"Gostaria muito que os pais e mães de meninas olhassem hoje nos olhos delas, e lhes dissessem: SIM, a mulher pode!" Dilma Rousseff
Que o Brasil é um país de vanguarda, isso ficou mais uma vez óbvio. Um país que cresce em importância aos olhos do mundo acabou de eleger uma mulher para Presidente da República.
Dilma Rousseff tem uma história de vida bastante ativa politicamente, embora tenha sido divulgada sua "pouca experiência" no exercício de cargos públicos. Há aqui um terrível equívoco por meio dos eleitores e da imprensa. Exercer um cargo público, por si só, não constitui experiência política. Experiência política é estar participativo nos processos democráticos no país, lutar contra desigualdades e participar do diálogo que visa o bem comum. Nisso, Dilma dá um banho. Como se não bastasse, presidiu o Ministério brasileiro mais importante, a Casa Civil.
Alvo de pesadas críticas e até acusações severas, vista com nariz torcido e imenso preconceito pela classe média brasileira, a candidata do presidente Lula conquistou a massa brasileira, que a meu ver, não se deixou manipular pela mídia das elites. Ofereceu seu voto à princípio relutante e no segundo turno, de bom grado, reafirmando a aceitação de um governo que ajudou a transformar o perfil do nosso país.
Foi extremamente emocionada que assisti ao primeiro pronunciamento da presidente eleita. Confesso que tenho muitas críticas ao governo Lula, e não sei muito bem o que esperar de Dilma. Claro que conforme um conhecido ditado, mais prudente é esperar pelo melhor, mas nos preparar para o pior. Mas considero sua eleição uma vitória para o Brasil, em muitos aspectos. Antes de ser uma vitória feminina, considero uma vitória do eleitorado de classes baixas, que é tido sem cultura, sem estudos, e por isso incapaz de votar. Vi pessoas analfabetas com discursos muito mais lúcidos que jovens universitários ao defenderem seus candidatos nesta eleição. O Brasil está começando a sair da escuridão política.

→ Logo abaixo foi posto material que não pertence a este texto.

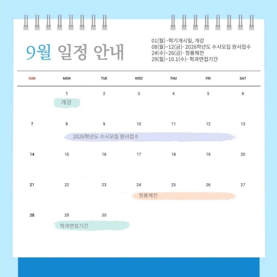 본문 시작 홈으로 커뮤니티 학과소개 입학정보 교과과정 커뮤니티 홈페이지가이드 포토갤러리 SNS 소통 공간 포토갤러리 공지사항 동아리 포토갤러리 페이스북 트위터 프린트 9월 다이어리 항공서비스학과 3882 2025-09-01 안녕하십니까 세명대학교 항공서비스학과 온라인 홍보국 💙푸르미르💙입니다. 오늘은 9월 다이어리를 가져와보았습니다 😄 9월에는 개강과 청룡체전이 있습니다! 모두 일정에 착오 없으시길 바라겠습니다! 소중한 꿈을 품고 그 누구보다 높이 오를 여러분을 저희 "푸르미르" 가 항상 응원하겠습니다 ✈💙 궁금한 사항이 있으시다면 언제든지 SNS로 연락 주십시오 💬 #세명대학교 #항공서비스학과 #세명대 #항공과 #푸르미르 #9월 #다이어리 목록 이전💙에어프레미아항공 객실승무원 취업💙 이전교환학생 준비 브이로그

São ultrajantes afirmações do tipo "o Brasil vendeu seu voto pelo bolsa-esmola". Penso que quem é capaz de elaborar uma afirmação tão difamatória sobre o povo brasileiro não respeita o Brasil, e não considera a sua população e não tem o mínimo preparo para participar da evolução do país. Finalmente, o Brasil vota pelo Brasil, e não pelo interesse pessoal de uma minoria.